▶ **Dataset section**:

------------------------------------------------

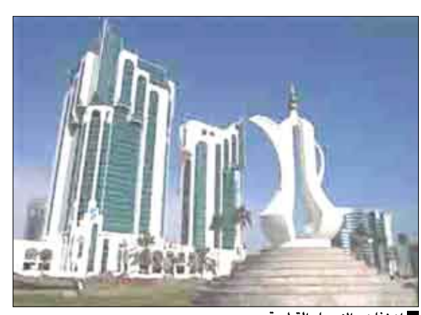
انخفاض الاسعار القطرية

أوضح بنك «إتش إس بي سي» أن الانخفاض الحاد في أسعار الثلاثة الأولى من 2009م يشير إلى تباطؤ في الطلب المحلي، وقد يشير إلى أن الدولة لا تزال تعاني من أوبك تم بالفعل بانكماش على أساس سنوي. وفي وقت سابق من الشهر الجاري قال جهاز الإحصاء في قطر: إن مؤشرًا جديدًا لأسعار المستهلك أظهر أن الأسعار تراجعت أكثر من 9% في الربع الأول، مقارنة مع الربع الأخير، مع انخفاض تكاليف الإسكان 16% وهبوط أسعار المواد الغذائية. ولم ينشر الجهاز أرقامًا للمقارنة مع الربع الأول من 2008م. وقال سايمون وليامز الخبير لدى «إتش إس بي سي» في مذكرة بحثية: «بعد 14 ربعاً متتالياً من بقائه عند مستويات تزيد على 10%، تشير البيانات التي نشرت مؤخرًا إلى أن التضخم في قطر لم يتراجع فحسب في الربع الأول، وإنما تحول فعلياً إلى انكماش.» وأضاف في المذكرة هذا الأسبوع ورغم أننا نتعامل بحذر مع البيانات، إلا أن شدة ونطاق الانخفاض في الأسعار الذي تحدثت عنه في الربع الأول من العام مؤشر على تغيير مفاجئ في توجهات الطلب المحلي. وأشار «إتش إس بي سي» إلى أن إعادة قراءة البيانات تشير إلى أن أسعار المستهلك على أساس سنوي تراجعت بـ 2.4% في الربع الأول من
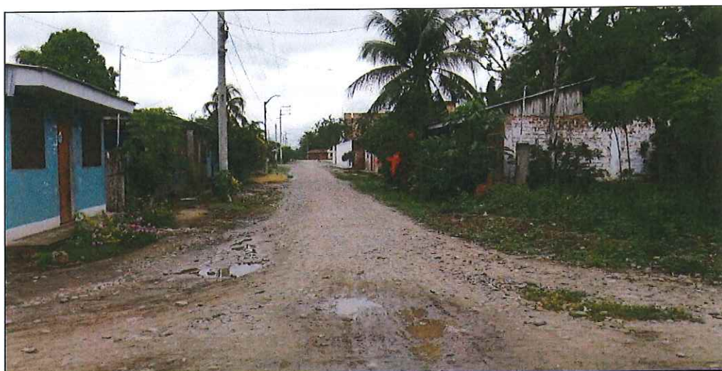
Jr. Sargento Lores C-02, en el cual no existe sistema de drenaje pluvial, siendo necesario su ejecución, se proyecta cunetas y alcantarillas
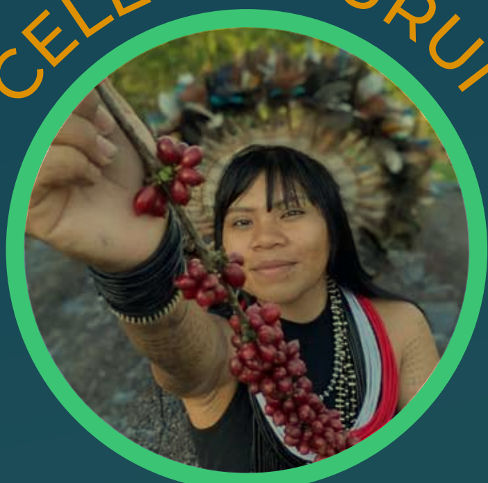
Barista Cacoal, Rondônia

------------------------------------------------

▶ **Action item**: From the line that holds "Jr. Sargento Lores" to the last line of the data, return those lines exactly and nothing else; both ends count, and pictures stay out.

▶ **Expected output**:
Jr. Sargento Lores C-02, en el cual no existe sistema de drenaje pluvial, siendo necesario su ejecución, se proyecta cunetas y alcantarillas
Barista Cacoal, Rondônia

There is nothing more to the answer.